Independent with a vector v.s. independent with its components

Question

Suppose that $Z$ (a scalar) is independent with $X=(X_1,\ldots,X_n)$, $n>1$. Then, $Z$ is independent with $X_1,\ldots,X_n$ because each of the latter is a function of $X$.

I suspect the reverse direction: $Z$ being independent with $X_1,\ldots,X_n$ implying $Z$ being independent with $X$ is not true. Most likely because we would need some info about the joint distribution of $X_1,\ldots,X_n$. But I can't think of a counter example. So could you please provide one as well as some intuition on how you arrive at it?

Answer 1

Yes, in general the converse is not correct. The reason is, essentially, that pairwise independence does not imply independence.

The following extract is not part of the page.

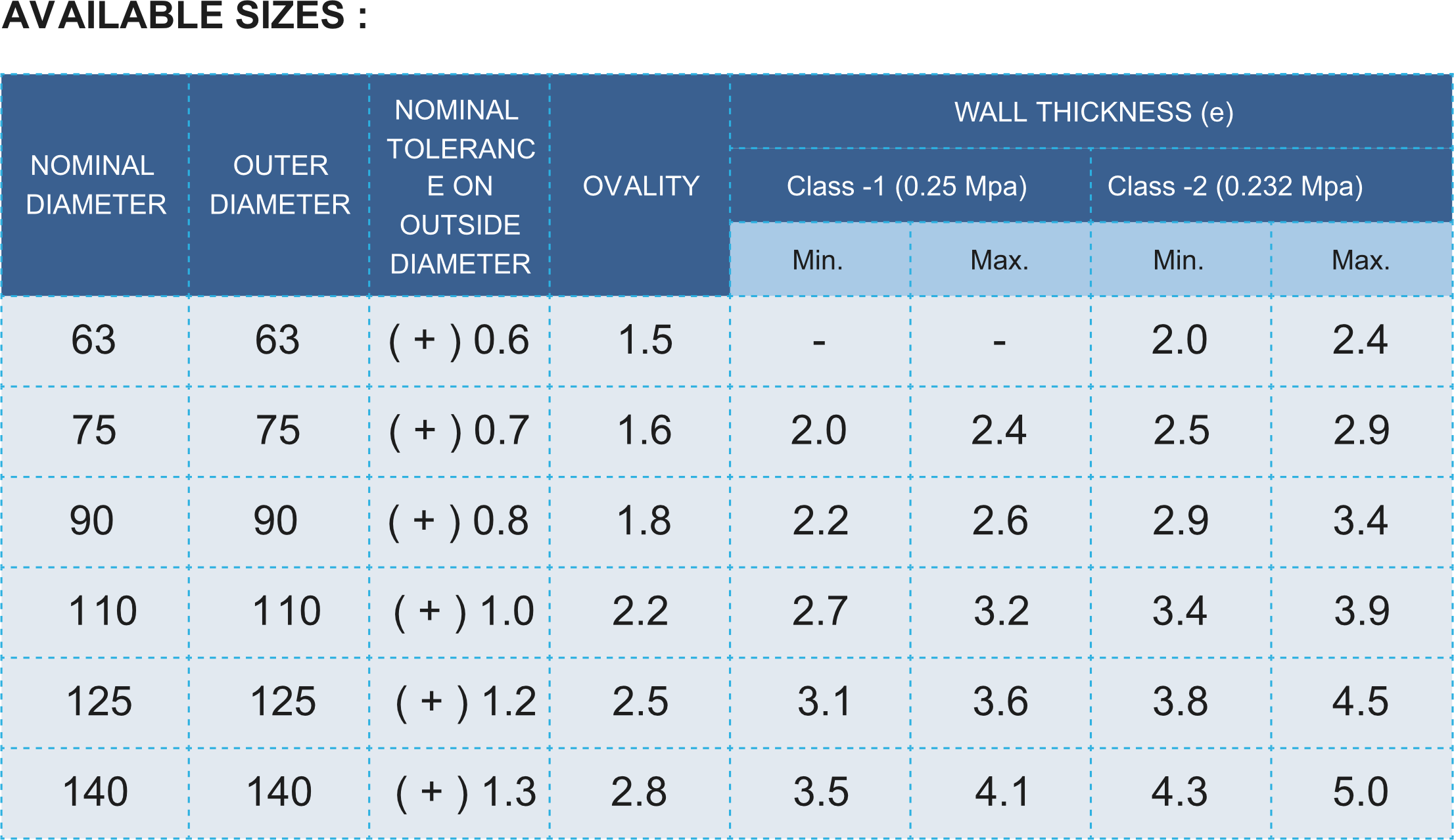 PN 2.5 and PN 3.2 (0.25 MPa and 0.32 MPa).

Example Let $\Omega := \{0,1\}^2$ and $\mathbb{P}(\{\omega\}) := 1/4$, $\omega \in \Omega$. For $\omega = (\omega_1,\omega_2)$ define

$$X_1(\omega) := \omega_1 \qquad X_2(\omega) := \omega_2 \qquad Z(\omega) :=1_{\{\omega_1=\omega_2\}}.$$

Then it is not difficult to see that

$$ \mathbb{P}(X_1 = i, Z=j) = \frac{1}{4} = \mathbb{P}(X_1=i) \mathbb{P}(Z=j)$$

for any $i,j \in \{0,1\}$ which shows that $X_1$ and $Z$ are independent. In an analogous way we find that $X_2$ and $Z$ are independent. However, $Z$ and $X:=(X_1,X_2)$ are not independent since

$$\mathbb{P}(Z=1, X=(1,1)) = \frac{1}{4} \neq \frac{1}{8} = \mathbb{P}(Z=1) \mathbb{P}(X=(1,1)).$$

Answer 2

I is not only about the joint distribution of $(X_1, \dots, X_n)$. It is possible that all components of $X$, namely $(X_1, \dots, X_n)$ are independent and that all pairs $(Z,X_i)$ are independent, but $Z$ is not independent from $X$.

My favorite example to illustrate this is from Bauer's book Wahrscheinlichkeitstheorie (it's a german book): Suppose you throw a fair dice two times and let $Y_i$ denote the outcome of the $i$-th throw. We define: $$ X_1= \begin{cases}1, & \text{if} \ Y_1 \ \text{is odd} \\ 0, & \text{if} \ Y_1 \ \text{is even} \end{cases}, \quad X_2= \begin{cases}1, & \text{if} \ Y_2 \ \text{is odd} \\ 0, & \text{if} \ Y_2 \ \text{is even} \end{cases}, \quad Z= \begin{cases}1, & \text{if} \ Y_1+Y_2 \ \text{is odd} \\ 0, & \text{if} \ Y_1+Y_2 \ \text{is even} \end{cases}, $$ Clearly $X_1$ and $X_2$ are indpendent and it is also easily verified that $Z$ is independent from $X_1$ and that $Z$ is independent from $X_2$. However $Z$ is not independent from $X$.

This easily generalizes to $n \geq 2$: you throw a fair dice $n$ times and define $X_i$ as above and $Z$ is again defined via the sum of $Y_1, \dots, Y_n$. The intuition is that knowing the results of all $X_i$ except one, say $X_n$, the outcome of $Z$ and the outcome of $X_n$ contain the same information.